Todd the big rumor is that the Oppo will be the first DV unit on the market. As rumor has it, Oppo is waiting for certification from Dolby to enable DV

I think the truth is as you have stated DV is probably not a sure thing as rumor have it


Sent from my iPhone using Tapatalk


----------



## Todd Anderson

I've heard most of the rumors... I'm sure there are some out there that I haven't caught that you may have seen...:wink2:

Direct from OPPO's Direct of Product Development: No support for Dolby Vision at this time.

Read into that what you will... one would have to assume they are working on it. The new OPPO players will be using a MediaTek decoder chip, and MediaTek is a Dolby Vision partner... so hopefully that's going to be a score for all of us! If (or when) that happens is completely up in the air at this point.


----------



## Todd Anderson

In other news... it's great that OPPO is official in the fray, so to speak. Glad to have the competition, especially since it's evident that there is differences in quality across the options already on the market.


----------



## Todd Anderson

You can find this by going here: http://www.oppodigital.com/uhd/

(of course HTS will stay on top of coverage, too! ;-)


----------



## Robert Zohn

*Here's John Archer's Wall Street Journal write-up with some things confirming and new information on OPPO's UDP-203.*


----------



## Todd Anderson

Thanks for the link, Robert! These players are looking like world beaters!


----------



## JimShaw

Robert Zohn said:


> Yes, but I do not expect to be posting any information as I'll be signing a non-disclosure (NDA) and it's a Beta unit so my job is to test everything and report to OPPO engineering.
> 
> I'm 100% confident it will handle HDR as well as the best UHD BD player and regarding 10-bit I do not believe any UHD BD player puts out 10-bit.



Robert

You can post your thoughts right here. We won't tell a soul :smile:



.


----------



## HatlessChimp

Picked up mine 2 days ago. I LOVE THE STRIP METADATA FUNCTION! What it does is give you the rec2020 colour but not the unrealistic nits in brightness range of HDR. Hard to explain but its great!
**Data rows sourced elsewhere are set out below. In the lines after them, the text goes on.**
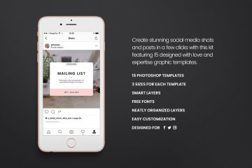 Social Media Booster Kit的第 4 卷为您带来了全新的风格:新的颜色、网格和字体。有你需要的一切,用令人印象深刻的、突出的出版物来填充你的社交媒体。该软件包包括15 个为 Instagram、Twitter 和 Facebook原生设计的模板。它们中的每一个都易于编辑和自定义,您所要做的就是通过智能对象将图像替换为您的作品并添加您的副本。就是这样!这套将非常适合您的个人或商业需求:非常适合博主、时尚和零售品牌、杂志等等!
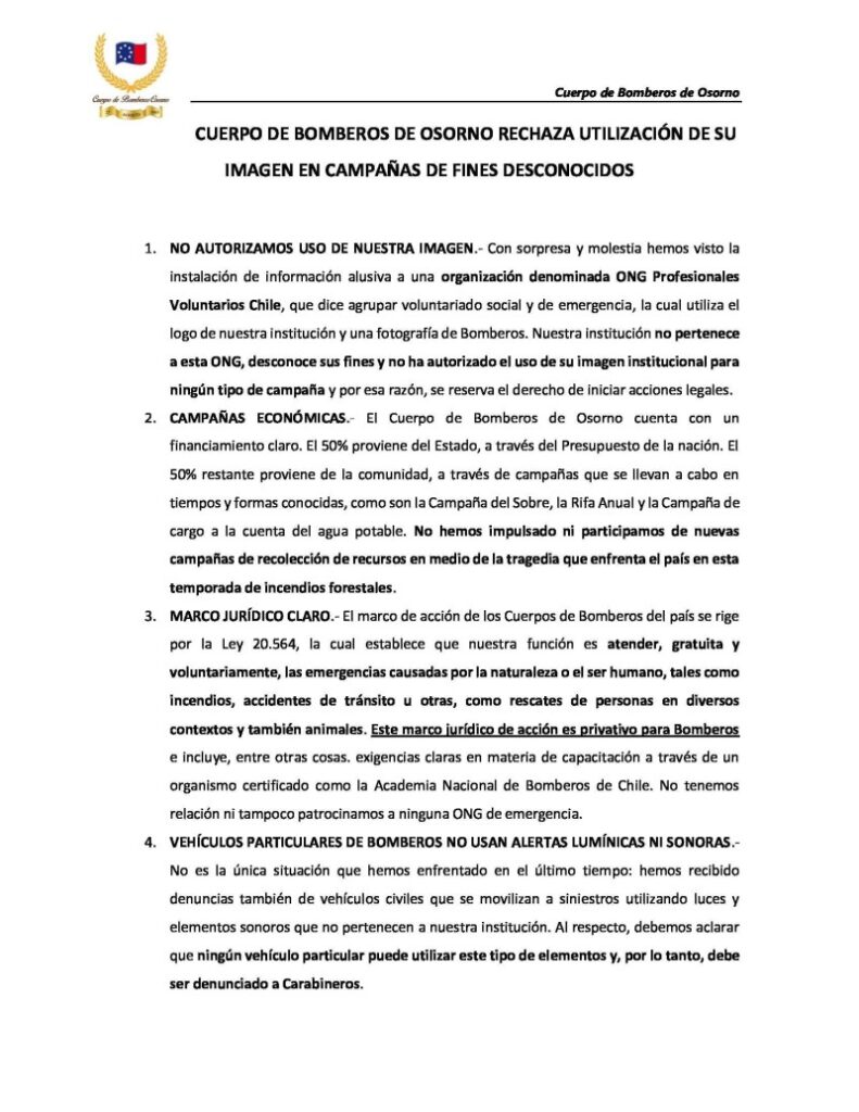 El Cuerpo de Bomberos de Osorno emitió una declaración pública afirmando que los voluntarios «rechaza la utilización de su imagen en campañas de fines desconocidos».
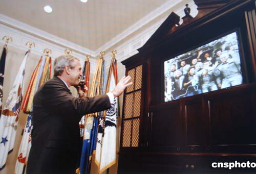 美國總統布什在白宮辦公室給太空中的發現號航天飛機機組打慰問電話。作者:賈國榮

Sent from my LG-H990 using Tapatalk


----------



## JimShaw

HatlessChimp said:


> Picked up mine 2 days ago. I LOVE THE STRIP METADATA FUNCTION! What it does is give you the rec2020 colour but not the unrealistic nits in brightness range of HDR. Hard to explain but its great!
> 
> https://youtu.be/F--ffP6Iiig
> 
> Sent from my LG-H990 using Tapatalk



Hey, I resent that. "Men between the ages of 25 to 45 may feel 'movement' when unboxing the Oppo". I am a hell of a lot older than 45 and when I unbox, I know I am going to feel "movement". Maybe Oppo transcends the norm.


----------